How can I show this?
Let $f$ be continuous on $[a,b]$ and differentiable almost everywhere on $(a,b)$. Suppose there is a nonnegative function $g$ that is integrable over $[a,b]$ and $$|Diff_{\frac{1}{n}}f|\leq g$$ almost everywhere on $[a,b]$ for all $n$. Show that $$\int_a^b f'=f(b)-f(a),$$
where $$Diff_hf=\frac{f(x+h)-f(x)}{h}.$$ This is actually problem number 51 (Chapter 6) in Royden's Real Analysis 4th Ed.
Thanks!
Let me use the notation $(\Delta_h f) (x) = \frac{f(x+h)-f(x)}{h}$, and note that for $h >0$, $\Delta_h f$ is defined on $[a,b-h]$.

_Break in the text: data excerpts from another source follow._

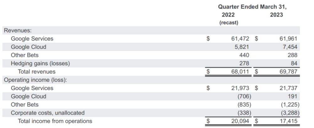 财报显示,2023 年第一季度,谷歌云收入为74亿美元,高于去年同期的58亿美元,同比增长27.5%。同时,该公司还报告称,去年谷歌云业务亏损7.06亿美元,而今年报告截至Q1取得了1.91亿美元的收益。2020年时,该部门亏损高达56亿美元。
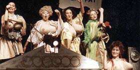 Questa sorta di coproduzione sardo-croata (oltre al regista, adattamento testo e canzoni di Tatjana Suput, musiche di Rossella Faa, coreografia di Petra Blaskovic, scenografia di Stjepan Mihaljevic, costumi di Micol Joanka Medda e, in scena, nella parte di Murrina, la moglie vogliosa del bel Cinesia, Selma Alispahic, già apprezzata in Ay Carmela del drammaturgo catalano Sinisterra), già presentata quest’estate ad Alghero, nell’anfiteatro del palazzo dei congressi, conferma tutti i suoi limiti. A parte l’imbarazzante prologo, il problema grave è che questa Lisistrata non fa ridere. Mai. La scelta di far diventare la commedia di Aristofane una sorta di commedia musicale non ha pagato, forse per l’inadeguatezza delle musiche, nonostante il grande impegno delle attrici a cantarle. Perché scappi un sorriso bisogna aspettare l’ingresso di Marco Spiga, bravissimo e perfettamente in parte nel fallocentrico Cinesia, che, finalmente, esce dell’atmosfera da musical castigato anni ’50, e ci riporta nel mondo di Lisistrata, che ha un solo centro, il sesso, ma è già passata un’ora di spettacolo. Tutto quello che c’è stato prima sono state canzoni, (chissà se Robert Raponja conosce la versione bellissima di tanto tempo fa di Garinei e Giovannini), gag che non facevano ridere dei vecchi Francesco Atzeni e Maria Grazia Bodio e i grandi sforzi di Lia Careddu-Lisitrata, senza ombra di dubbio la più grande attrice sarda, in una parte forse lontana dalla sua corde. Raponja ha cominciato a lavorare allo spettacolo prima dell’inizio della guerra in Iraq, ha continuato durante, ma forse si è fatto prendere la mano. I colori della bandiera della pace appesi alla fine nel telaio sono parsi francamente retorici e fuori luogo. Come tutta la lettura antimilitarista della commedia è parsa arraffazzonata, più dettata dall’emozione del periodo storico che da una precisa scelta d’interpretazione del testo. Testo complesso, senz’ombra di dubbio. Rappresentare Aristofane non è facile, ne sia testimonianza le polemiche su le Rane di Ronconi l’anno scorso a Siracusa, con le scenografie che sbeffeggiavano i potenti di ora rimosse in seguito a polemiche. Se non si ha il coraggio di fare Lisistrata per quello che è, un testo, forse sì, antimilitarista, ma soprattutto “il primo testo della cultura occidentale che affronti il problema dell´emarginazione femminile, senza limitarsi al lamento ´patetico´, che ribadisce le catene”, e anche una straordinaria macchina teatrale basata sulla esplicitazione paradossale del sesso come bisogno così forte da fermare le guerre, forse è meglio non fare Aristofane. Lisistrata è poco rappresentata proprio per questo motivo: è una macchina comica che ha al centro il sesso, senza mezzi termini e senza censura. Si può trasformarla in una commedia musicale, ripulirla e farla interpretare ad una grande attrice drammatica come Lia Careddu, ma non funziona. La riprova si ha quando Marco Spiga-Cinesia entra in scena infoiato con un enorme fallo dentro i pantaloni e, pur di soddisfare le sue voglie, diventa sostenitore della pace, e lo spettacolo improvvisamente si sveglia e diventa interessante, dopo un’ora di noia. Lisistrata è questo, piaccia o non piaccia a un regista croato o a qualche abbonata su con gli anni del Teatro di Alghero, scandalizzata dal seppur ripulito Aristofane del Teatro di Sardegna. Prossimo appuntamento con Io e Annie di Woody Allen.
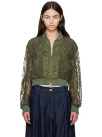 Semi-sheer cotton- and nylon-blend mesh bomber jacket. Logo and floral pattern embroidered throughout. · Rib-knit stand collar, hem, and cuffs · Nylon twill trim and zip detailing at collar and placket · Two-way zip closure · Welt pockets · Cropped hem · Logo patch at back collar · Partial mesh lining Supplier color: Brown Body: 51% cotton, 40% nylon, 9% lyocell. Trim 1: 100% nylon. Trim 2: 98% polyester, 2% elastane. Lining: 68% polyester, 32% cotton. Made in South Korea 251375F058000

Then \begin{eqnarray} \int_a^{b-h} \Delta_h f &=& \frac{1}{h} \int_a^{b-h} (f(x+h)-f(x)) dx \\ &=& \frac{1}{h} \left( \int_a^{b-h} f(x+h) dx - \int_a^{b-h} f(x) dx\right) \\ &=& \frac{1}{h} \left( \int_{a+h}^{b} f(x) dx - \int_a^{b-h} f(x) dx\right) \\ &=& \frac{1}{h} \left( \int_{b-h}^{b} f(x) dx - \int_a^{a+h} f(x) dx\right) \\ \end{eqnarray} Since $f$ is continuous, we see that $\lim_{h \downarrow 0} \int_a^{b-h} \Delta_h f = f(b)-f(a)$.
Furthermore, we see that $\lim_{h \downarrow 0} (\Delta_h f)(x) = f'(x)$ ae.
We are only a small technical detail away from using the dominated convergence theorem. Define $\phi_h(x) = \begin{cases} (\Delta_h f) (x), & x \in [a,b-h] \\ 0, & \text{otherwise}\end{cases}$. We see that $\int_a^b \phi_h = \int_a^{b-h} \Delta_h f$, and $\lim_{h \downarrow 0} \phi_h (x) = f'(x)$ ae.
We have $|\phi_{\frac{1}{n}} | \le g$ ae., hence we have $\lim_{n \to \infty} \int_a^b \phi_{\frac{1}{n}} = \int_a^b \lim_{n \to \infty} \phi_{\frac{1}{n}}(x) dx$, or in other words, $\int_a^b f' = f(b)-f(a)$.